Monday, June 6, 2011

recovery?

I went to group today. (It'll be my last time going for three weeks due to driver's ed(ucation).) We all made goals for our eating disorder. My original goal was not one I really wanted for myself but it was a recovery goal nonetheless. It was to eat 1800 calories a day. That would be an extremely hard goal for me. So we set a more manageable goal for me: eat both lunch and dinner every day. It's day one and I've already failed. :(
I talked to my therapist briefly after group about my dad. I filled her in on the texts and dance recital. I told her how my dad makes me feel not good enough, unworthy of love, small, and invisible. I told her it made me want to relapse further. She said that he doesn't know how to handle my illness and that by getting worse, I'll just push him away even more. I also told her I think my dad only cares about me when I'm dying so I feel like if I take my ED to the point of dying, he'll come back. She disagrees. She says I shouldn't get worse because of him. I should use this to prove to him I'm stronger than this and pretty much say "fuck you" to him. It's nice in theory but implementing is a whole nother ball field.
I came home and ate lunch: Lucky Charms and chocolate cream pie. It was yummy. Then about 2 hours later I had a mini binge on Flaming Hot Cheetos, peanut butter, 2 deviled eggs, and angel food cake.
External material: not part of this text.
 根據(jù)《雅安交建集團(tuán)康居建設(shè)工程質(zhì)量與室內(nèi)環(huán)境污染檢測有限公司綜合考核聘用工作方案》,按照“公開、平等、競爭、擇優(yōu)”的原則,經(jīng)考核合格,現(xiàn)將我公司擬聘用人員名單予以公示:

Since I consumed so many calories in my binge, I have felt that it is not necessary to eat dinner. Plus I'm scared to eat. My grandpa offered to buy me a hot fudge sundae from McDonalds. You know it's bad when I say no to ice cream. I just can't do it.
Then my grandpa asked why I didn't want one and I told him I was upset about my dad. He came and sat behind me and started rubbing my arm. His fingers were close to my chest. Then he started massaging my neck. It was creepy. I feel like I want to crawl out of my skin and my lips burn again (even though he didn't kiss me). Ugh. I can't deal with this.
So recovery? I don't even fucking know.

3 words from my listeners:

americaneaglelove said...

Congrats on eating lunch! I wish you the best of luck in recovery, you have my full support! Please, please, please DO NOT let him to that to you! Please tell someone, a friend, your therapist, a family member! I am a hypocrite, telling you to tell someone, when I haven't told about my sexual abuse, but the thing I want most right now is for you to tell someone and stop this!! Please promise me you'll stay safe. I really do care about you a lot. I'm sorry if I sound lecturing, I can't watch this happen, without trying to stop it. Tell someone.

Lils said...

Recovery is important. I do not want to sound pushing, but the sooner you begin the easier the process will be. Please promise us all you will keep yourself safe and please take care of yourself. I know how impossible it may sound... but the truth is, there are SO MANY people who love your dearly, including me. All my love and my warmest hugs

Camille said...

You need tell someone... even if it's not sexual abuse yet, if you're feeling uncomfortable then it's probably not the best situation for you to be in. Especially while you're recovering from your ED.

And good job on your recovery! Your lunch sounds absolutely delicious! Keep up the fantastic work, pretty lady!